Mammoet has completed a rapid headframe replacement at BHP’s Jansen potash project in Saskatchewan, using modular construction and self-propelled transporters to exchange a critical shaft structure without letting site complexity swallow the schedule.
The job centred on removing the lower section of an existing headframe and installing a far larger replacement to lift future mining capacity. Mammoet said the old unit weighed 796 tonnes, while the new headframe section came in at 2,090 tonnes and had to be manoeuvred into a tight footprint that also required docking into a staircase tower building. Before that installation, the company also handled the lift of a 60-tonne staircase tower module inside the structure using strand jacks, cranes, and a custom winch arrangement.

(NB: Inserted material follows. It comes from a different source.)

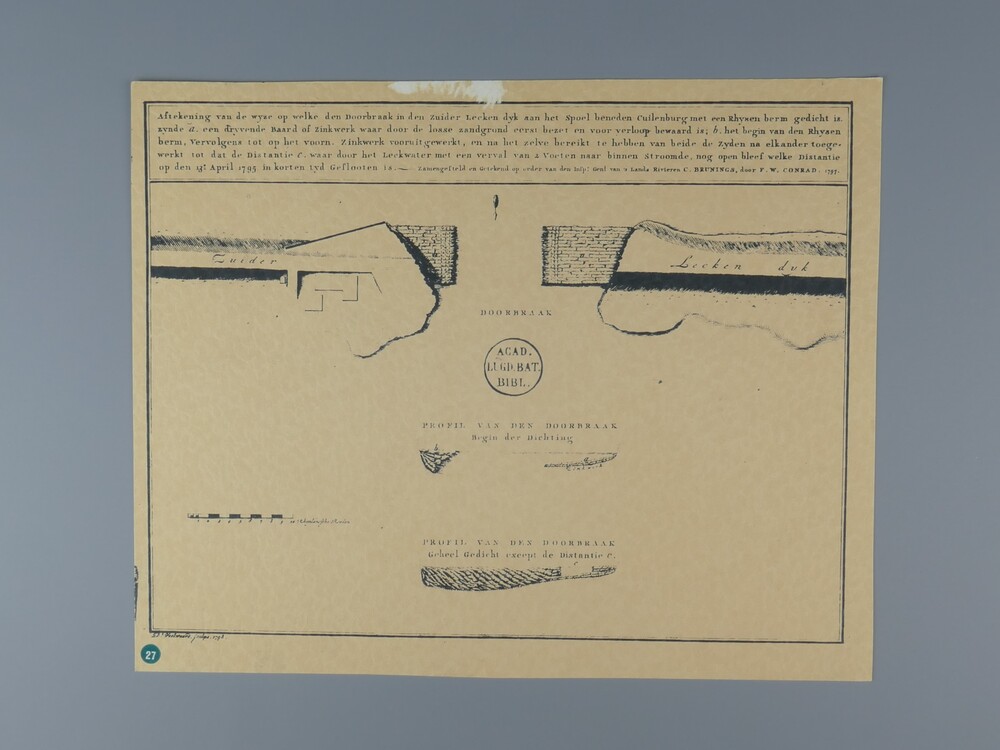 Kopie naar kaart uit 1798 van doorsnede van dijkdoor...
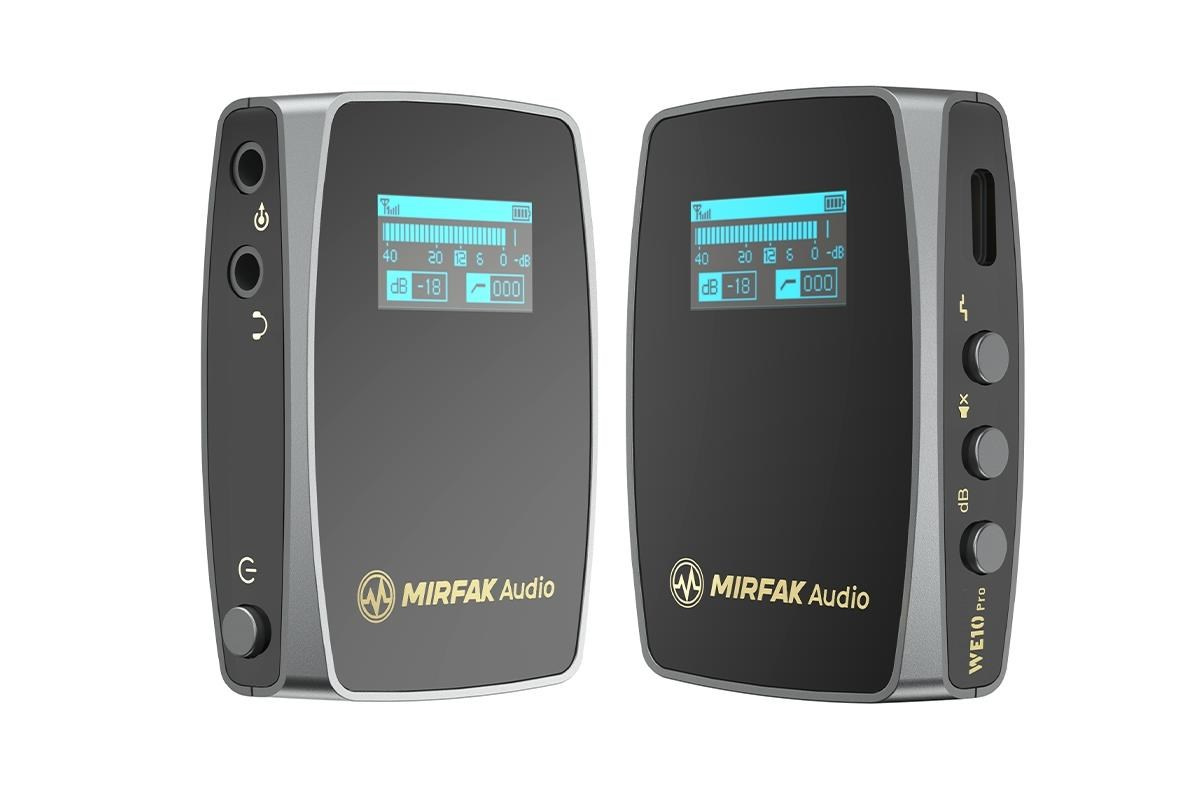 Mirfak Audio WE10 Pro je kompaktní bezdrátový mikrofonní systém, který je ideální pro tvorbu obsahu, filmování, jevištní prezentace, vlogování, YouTube videa, živé vysílání atd. Díky jeho malým rozměrům ho sbalíte do tašky nebo kapsy a je připraven k nahrávání během chvilky. Přehledná obrazovka přijímače znázorňuje všechna zvolená nastavení, sílu signálu, úroveň baterie a vizualizuje úroveň vstupu z dálkových snímačů.

Most of the new steelwork was prefabricated in Alberta and transported to site in sections, an approach that reduced site labour and let fabrication run in parallel with preparatory works. At Jansen, however, the ground conditions were no small detail. Mammoet carried out route testing with SPMTs and counterweights, then mobilised more than 400 crane mats after identifying soft ground between the laydown area and the shaft. Additional shoring was installed at basement level near the shaft opening so the new structure could be set down without overloading the works below.
“We had to find a trailer configuration where we could carry the additional weight, be under the permissible ground-bearing pressure, plus be short enough to not clash with the existing structure,” said Mike de Wilde, Project Manager at Mammoet. That constraint drove the final transport set-up: double SPMT trains configured for both load capacity and geometry, then aligned to guidance lasers so the headframe could be lowered onto its engineered bolt pattern with almost no room for drift.
The replacement work lands as BHP pushes Jansen toward first production in mid-2027. Once Stage 2 is ramped up, the mine is expected to reach roughly 8.5 million tonnes of potash a year, making construction decisions around shaft infrastructure, materials handling, and modular execution more than just an exercise in heavy lifting.